Taylor Swift, making good on her vow to re-record her first six albums so she can control their rights, on Thursday announced plans to release the new version of her second record Fearless in April.
The 31-year-old also said that extremely successful album's lead single Love Story "Taylor's Version" would come out at midnight.
"The way I've chosen to do this will hopefully help illuminate where I'm coming from," Swift said in a statement posted on social media.
"This process has been more fulfilling and emotional than I could've imagined and has made me even more determined to re-record all of my music."
In addition to the 20 tracks originally on the 2008 album Fearless — which includes the hits You Belong With Me and Fifteen — Swift said she was including six more "never before released songs from the vault," a fresh take on the album set for release April 9.
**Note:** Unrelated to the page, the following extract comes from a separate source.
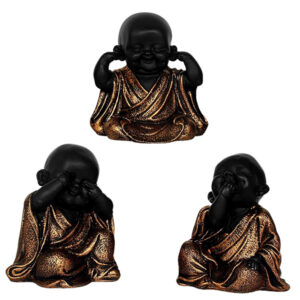 Baby Monk Buddha Idol Showpiece for Home Decor, Set of 3 (Golden & Black) Polyresin – 5.5 Inch

In the summer of 2019 Swift began publicly sparring with industry mogul Scooter Braun over his company's purchase of her previous label, which gave him a majority stake in the master recordings of her first six albums.
The heated feud and her bold promise to re-record those works ignited discussion over who keeps the keys to an artist's work, and the conditions under which young musicians sign contracts.
The owner of lucrative masters — one-of-a-kind source material used to create vinyls, CDs and digital copies — is able to dictate how songs are reproduced and sold.
Record companies have almost always kept those rights, justifying the arrangements by the financial risks labels take in supporting performers throughout their contracts.
Swift said she had been actively trying to regain control of her masters, but in November 2020 said she learned the rights to her first six albums were sold to the private equity company Shamrock Holdings, reportedly for more than $300 million.
That same month was the moment she was allowed to contractually begin re-recording her albums — which she had promised to do in a bid to devalue the original recordings.
The Nashville label Big Machine released Fearless in 2008, a country-pop mainstream breakthrough that saw Swift score four Grammys, including the top Album of the Year award, and sell more than 10 million copies stateside.
Not long before the disagreements between Swift and Braun went public, the popstar had signed a new blockbuster deal with Universal Music Group that gave her ownership of her masters going forward.
Her first album released under those terms was Lover, which she followed with the twin pandemic records Folklore and Evermore this past summer.